Corregedor do TSE diz que desinformação pode causar inelegibilidade e cassação

O ministro Luís Felipe Salomão, corregedor-geral do Tribunal Superior Eleitoral (TSE), participou nesta sexta-feira (6) de um seminário virtual sobre os desafios atuais da Justiça Eleitoral.

Sem entrar em detalhes, Salomão parabenizou os idealizadores do evento ao afirmar que a Justiça Eleitoral vive “momento tão difícil”.

Durante a palestra, ele contou como foi ter trabalhado nas eleições de 2018 — as primeiras, segundo ele, com uso massivo de internet e de notícias falsas.

O ministro ponderou que, na ocasião, o Tribunal adotou uma postura de mediação e fez uma comparação com o futebol. “Se todo momento apitássemos uma falta, o jogo parava toda hora.”
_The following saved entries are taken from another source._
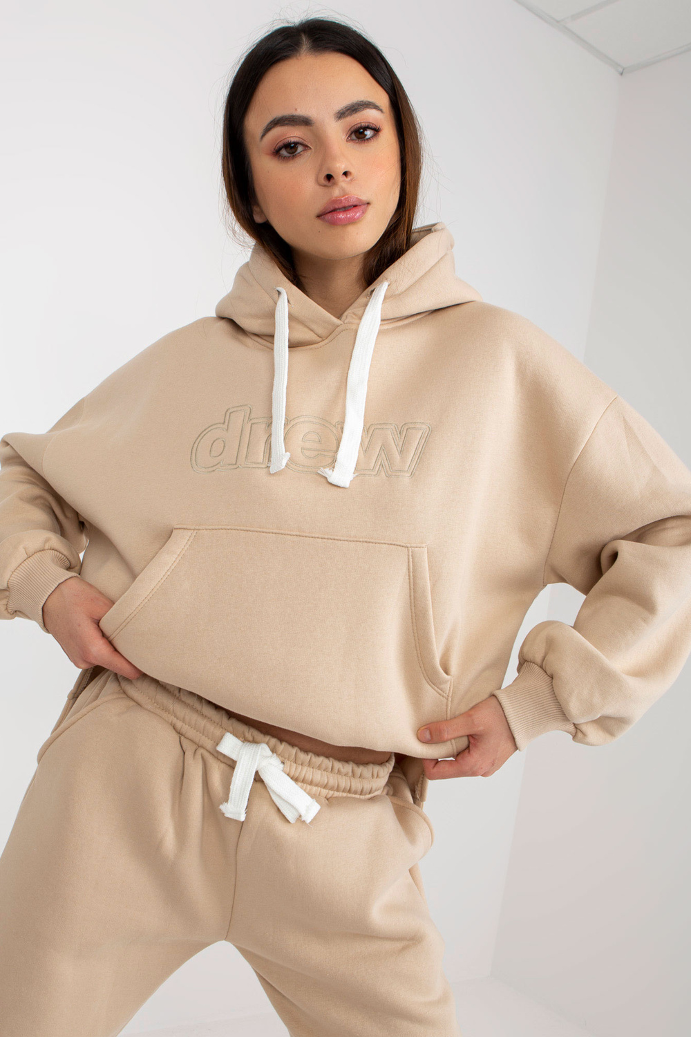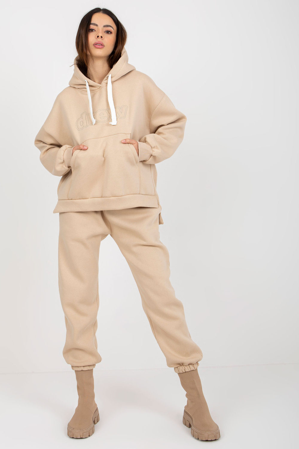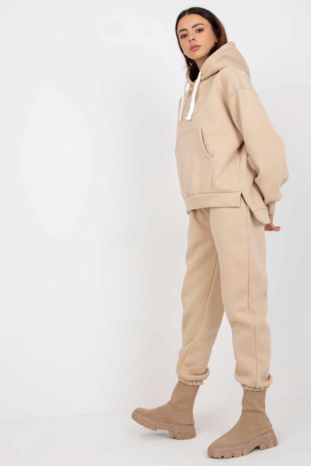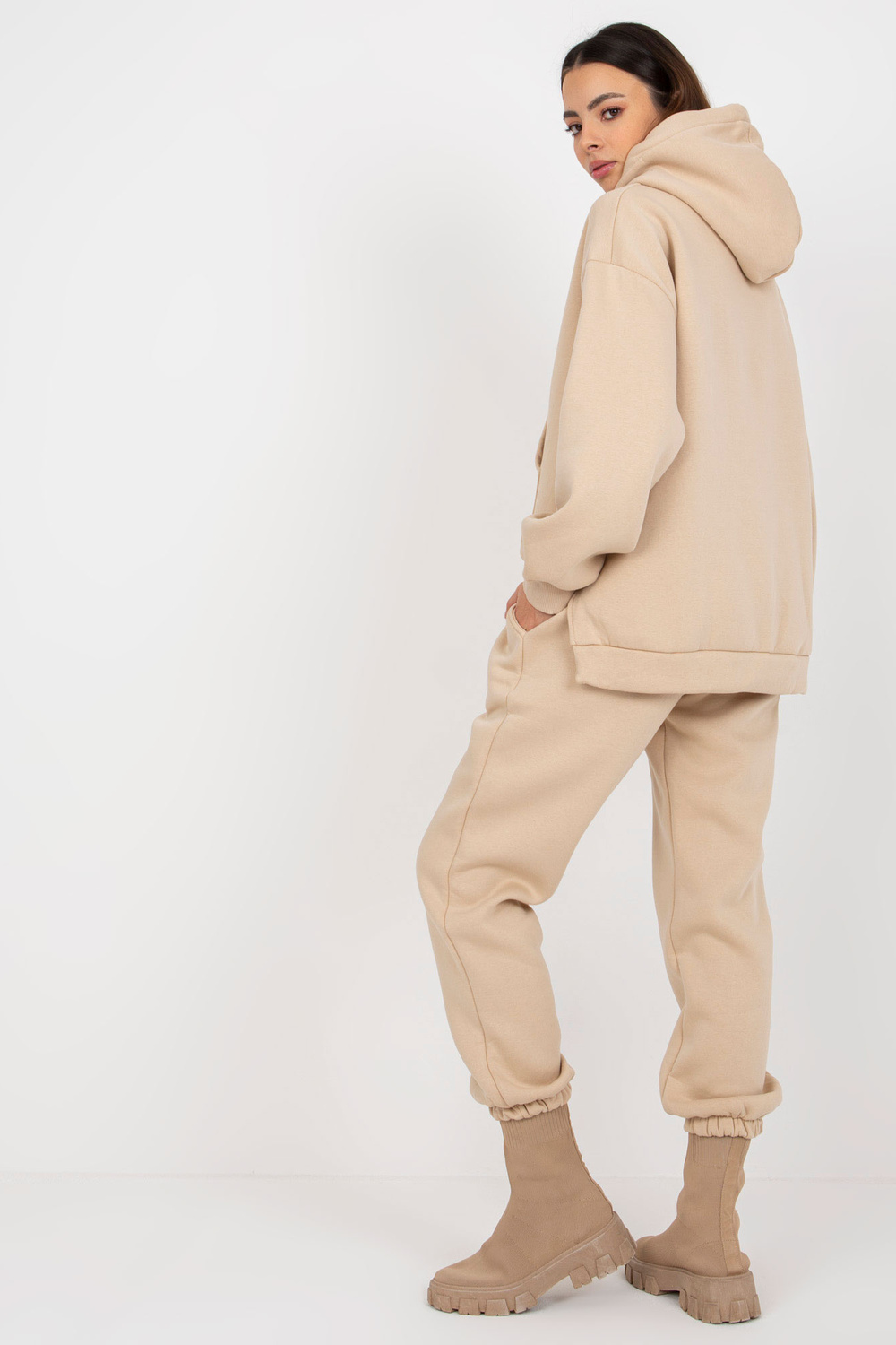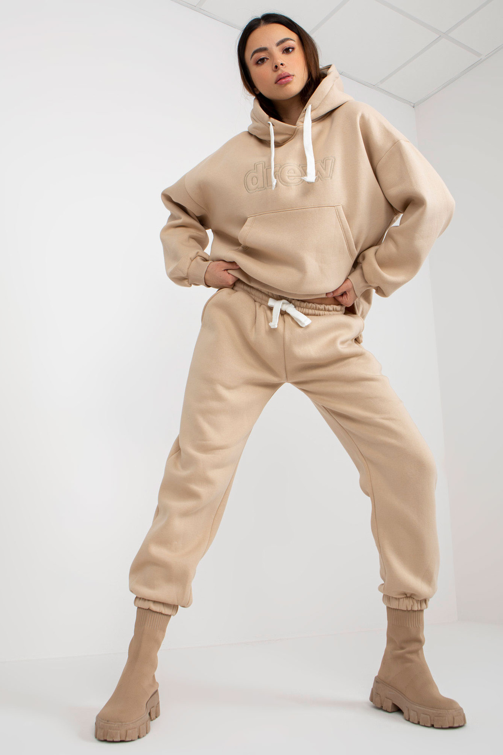 Bēšs divdaļīgs sporta krekla komplekts ar kapuci.
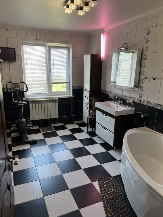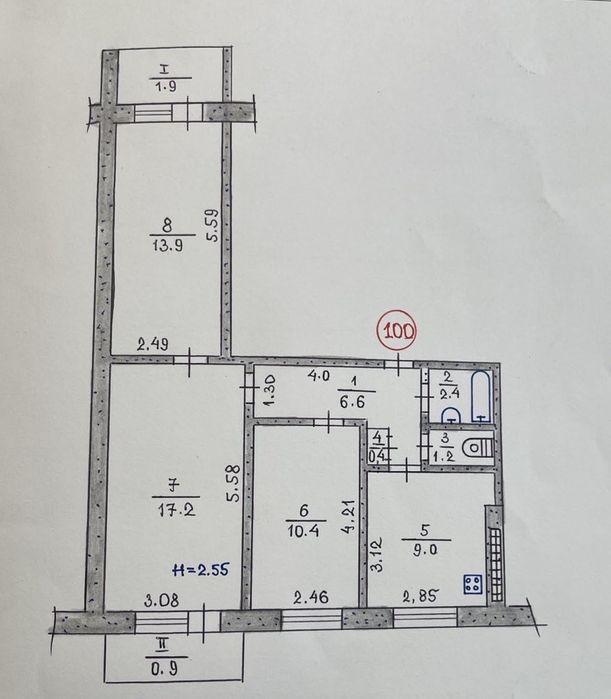 Квартира перепланована , на місці кімнати 10 м2 зробили ванну. Місце старої ванної кімнати займає гардероб для верхнього одягу .
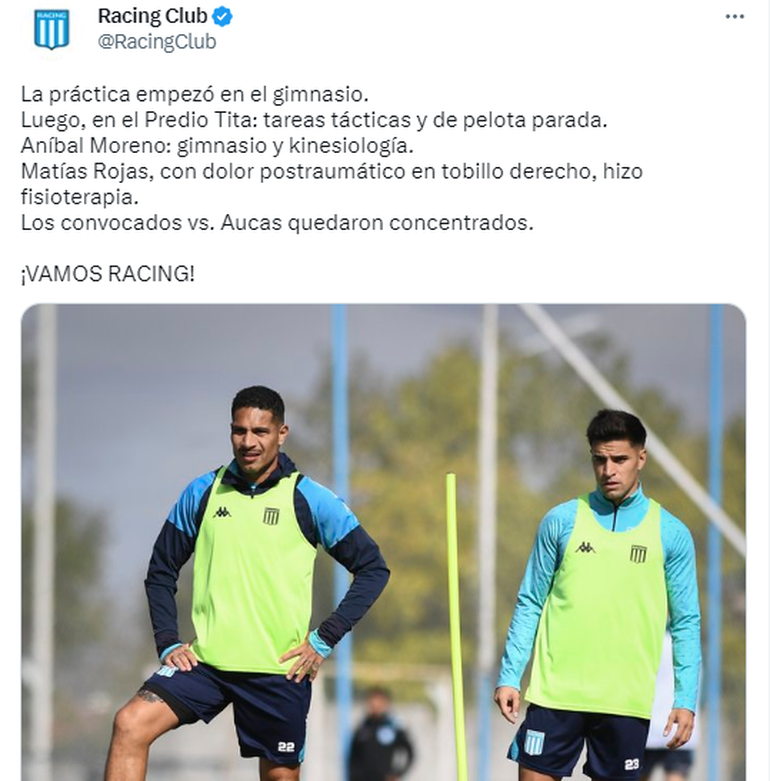 Rojas, no obstante será evaluado y esperado por el cuerpo técnico hasta último momento, y en caso que no llegue en correctas condiciones su lugar será ocupado por Nicolás Oroz o Nicolás Reniero.
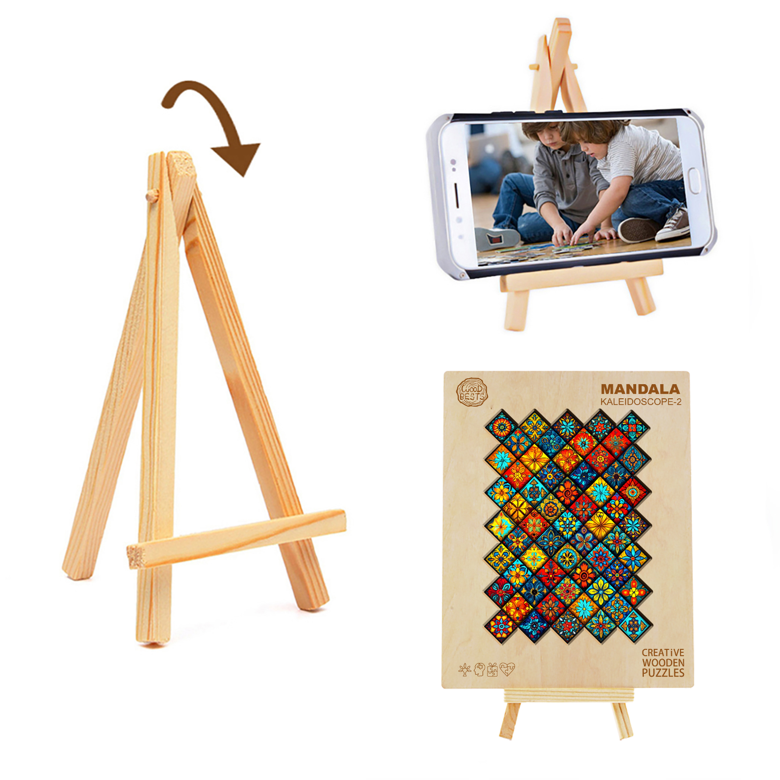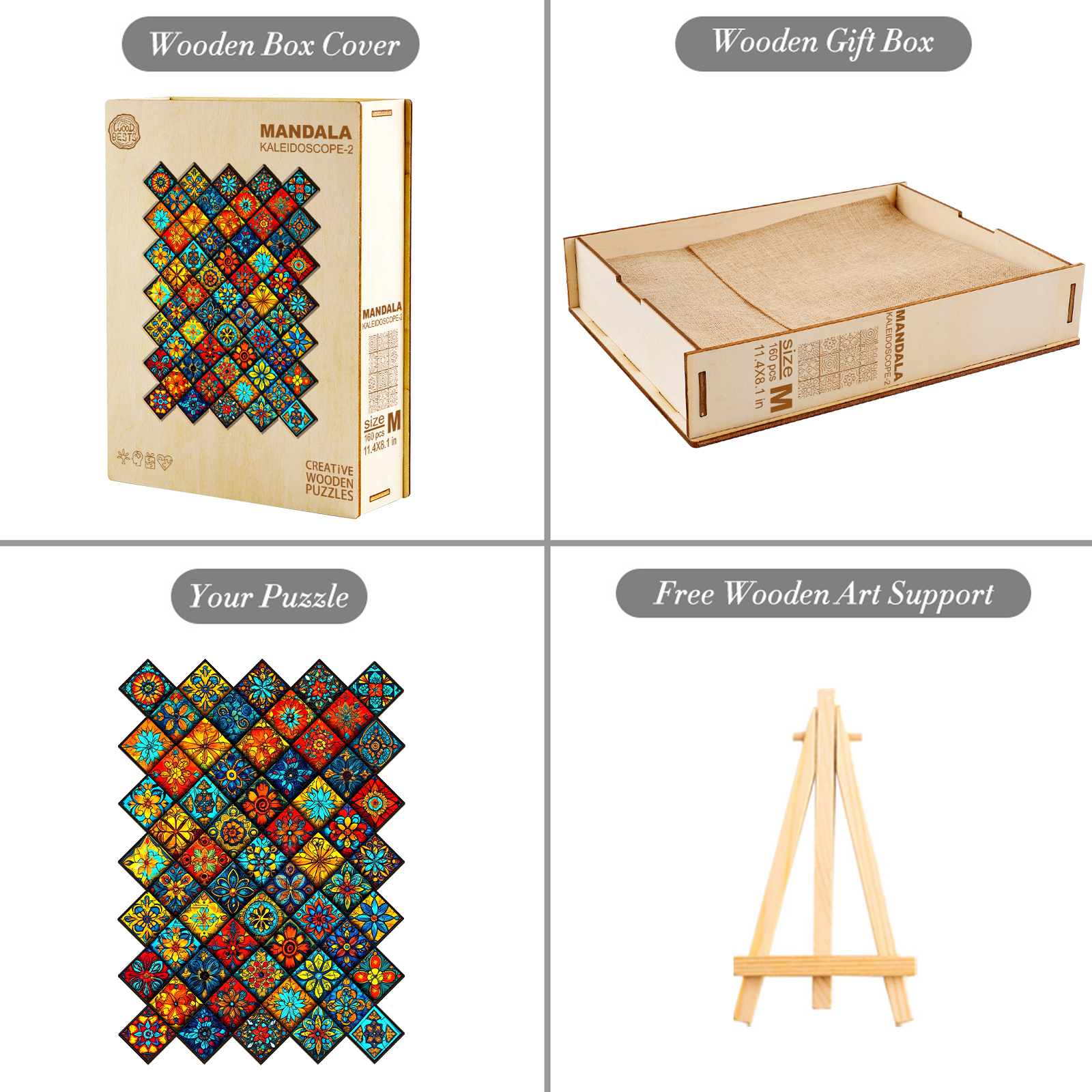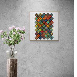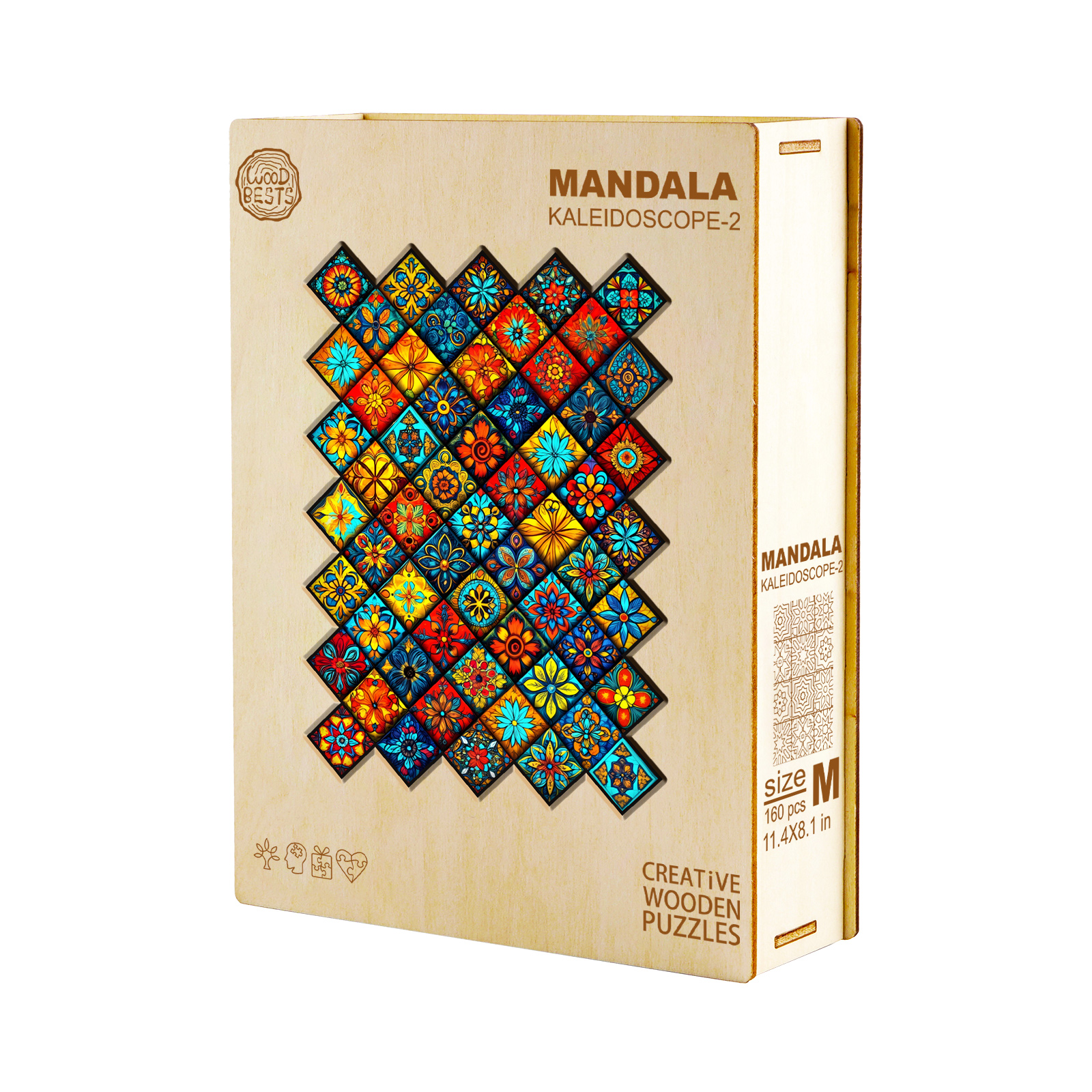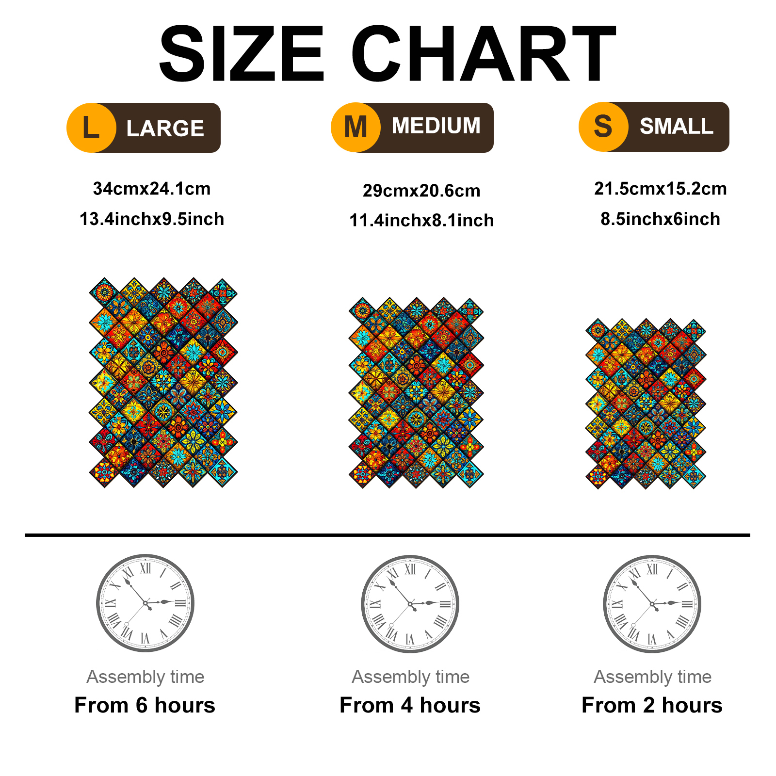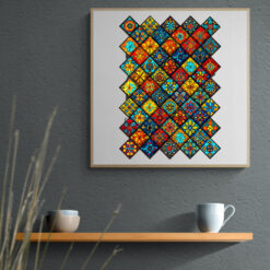 This wooden puzzle features a vibrant mosaic of intricately designed tiles, each adorned with colorful floral and geometric patterns. The tiles are arranged in a striking diamond layout, creating a visually captivating piece reminiscent of traditional stained glass or handcrafted ceramics. With rich hues of red, blue, yellow, and orange, this puzzle is not only a fun challenge but also a beautiful work of art. Perfect for puzzle lovers and art enthusiasts alike, it offers a unique and engaging experience that celebrates craftsmanship and creativity.

Salomão também disse que o TSE trabalha em três campos em relação às fake news: administrativo, normativo e jurisdicional. No último, podendo punir os candidatos que usarem fake news.

“E (podemos abordar esse tema) no campo propriamente jurisdicional, que é através da detecção de propaganda irregular no período adequado. Como disse aqui: juízes da propaganda atuam muito intensamente na repressão desse tema e nas Aijes (Ações de Investigação Judicial Eleitoral) e Aimes (Ação de Impugnação de Mandato Eletivo) tratando de abuso de poder político e econômico, e tratando do uso indevido dos meios de comunicação. Como todos nós sabemos, podendo acarretar inclusive na inelegibilidade ou eventualmente cassação de chapa, impedindo até mesmo o registro se for o caso”, disse.

Em nenhum momento, Salomão se referiu a algum candidato especificamente.

Os possíveis crimes de abuso de poder político e econômico, além do uso indevido dos meios de comunicação, foram levantados por Salomão no pedido que fez para o TSE abrir um inquérito administrativo contra Bolsonaro por ataques feitos ao sistema eletrônico de votação e à legitimidade das eleições de 2022.

O pedido foi aceito por unanimidade pelo plenário do TSE, que pediu também a inclusão de Bolsonaro como investigado no inquérito das fake news que tramita no STF. O ministro Alexandre de Moraes aceitou o pedido.

Na quarta, Salomão pediu ao STF o compartilhamento de provas sobre as “fake news” e o chamado gabinete do ódio.

Inquérito no TSE

Em julho, Salomão cobrou de Bolsonaro a apresentação de provas de que haveria fraude nas urnas. O prazo se encerrou e Bolsonaro não respondeu.

Em uma live, o presidente da República apresentou indícios falsos que já foram rebatidos pelo próprio TSE. A transmissão ocorreu mais de 500 dias depois de Bolsonaro ter prometido apresentar as provas “brevemente”, nas palavras dele.

Já com o prazo encerrado, Bolsonaro respondeu ao TSE e Salomão pediu para que o procedimento administrativo fosse transformado em um inquérito. O plenário do TSE aprovou por unanimidade.